# HILFE... BRAUCH SCHNELL INFO ÜBER 4 com + DSL



## The_p_FFM (1. April 2002)

Hallo Leute,
ich habe ein prob... will morgen mit kumpels ne lan schmeißen und wollen dann zu viert über battle.net zocken etc. das prob is nur ich hab kein plan, wie ich es schaffe das die leute über meinen rechner ins internet könne. ICh habe 2 netzwerkkarten im haus, ein hab und genug leitungen brauch nur hilfe, wie ich es schaffe meinen rechnr so zu konfigurieren, dass alle über meinen ans dsl kommen. habe schon von proxy-programmen gehört, aber jemand sagte mir ma, dass man dann keine spiele spielen kann über die einzelnen clients. wäre cool, wenn ihr mir bis morgen mittag hier her posten könnt. am besten wenn es geht mit tutorials, dass leixcht zu verstehen is. hab  win me drauf, aber will morgen sehr wahrscheinlich win 2000 drauf machen, von daher kann ich alle treiber draufmache die man braucht.`habe null plan von proxy...

Danke für eure Antworten.

Chris


PS: was is eigentlich besser?
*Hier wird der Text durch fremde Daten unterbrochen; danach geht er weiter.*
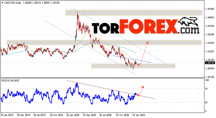 Дополнительным сигналом в пользу подъёма валютной пары USD/CAD выступит тест линии поддержки на индикаторе относительной силы. Вторым сигналом станет отскок от нижней границы модели ”Голова и плечи”. Отменой варианта роста котировок валютной пары USD/CAD на текущей торговой на неделю 8 — 12 февраля 2021 станет падение и пробой области 1.2435. Это укажет на пробой нижней границы модели и продолжения падения в область ниже уровня 1.2015. Подтверждением роста по паре выступит пробой области сопротивления и закрытие цены выше уровня 1.2945, что укажет на пробой верхней границы модели ”Голова и плечи”.
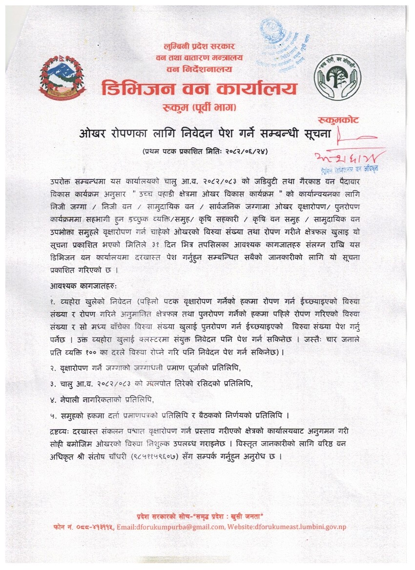 डिभिजन वन कार्यालय, रुकुम पूर्वको ओखर रोपणका लागि निवेदन पेश गर्ने सम्बन्धी सूचना
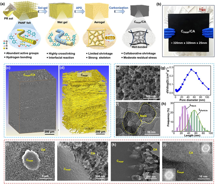 近年來(lái),中國(guó)科學(xué)院金屬研究所研究員湯素芳團(tuán)隊(duì)致力于碳?xì)饽z強(qiáng)韌性、抗氧化及大尺寸成型研究,取得了系列進(jìn)展。該團(tuán)隊(duì)在前期工作的基礎(chǔ)上,受天然生物材料多尺度復(fù)合和梯度過(guò)渡界面結(jié)構(gòu)的啟發(fā),聯(lián)合研究員劉增乾、張哲峰以及美國(guó)加州大學(xué)伯克利分校的研究人員提出了柔性有機(jī)纖維-有機(jī)氣凝膠基體的協(xié)同界面調(diào)控策略,并研制出高強(qiáng)高損傷容限大尺寸碳?xì)饽z材料。
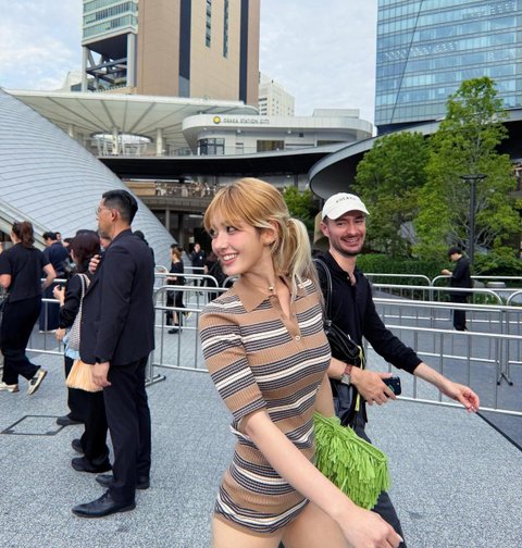 전소미는 이번 사진에서 스트라이프 패턴의 베이지 원피스 차림으로 산뜻한 초여름의 기운을 담아냈다. 반팔의 단정한 니트 소재 원피스는 슬림하게 떨어지는 실루엣이었으며, 깔끔한 칼라와 구분되는 가로줄무늬가 도회적이면서도 경쾌한 인상을 남겼다. 길게 뻗은 금발 머리는 자연스러운 포니테일로 묶여 있었고, 밝게 웃는 표정은 보는 이들마저 기분 좋게 만들었다. 손에는 초록빛 프린지 백을 들어, 옷차림에 생동감을 더했다. 오사카역시티의 현대적인 건물과 열린 광장이 배경으로 펼쳐지며, 일상과 패션의 경계 위에서 자연스러운 스타의 존재감을 극명히 드러냈다.

T-online zugangssoftware oder per dfü ins net?


----------



## Nils Hitze (2. April 2002)

*Als Erstes ...*

Baue beide Netzwerkkarten in einen PC.

An die eine Netzwerkkarte schließt du DSL an.
(Mach die Einwahl über DFÜ, T-OnlineSoft ist ätzend.)

An die andere Netzwerkkarte kommt jetzt die Verbindung
zu deinem HUB. Wenn du auf diesem Rechner Win2K hast,
solltest du mit der WINS (Windows Internet Sharing - 
Windows Internet Freigabe) deinen Freunden Internet
zugänglich machen können.

Pfote, Kojote

Wenn's nicht klappt.
Unter : http://www.softseek.com - (Proxy suchen) runterladen.


----------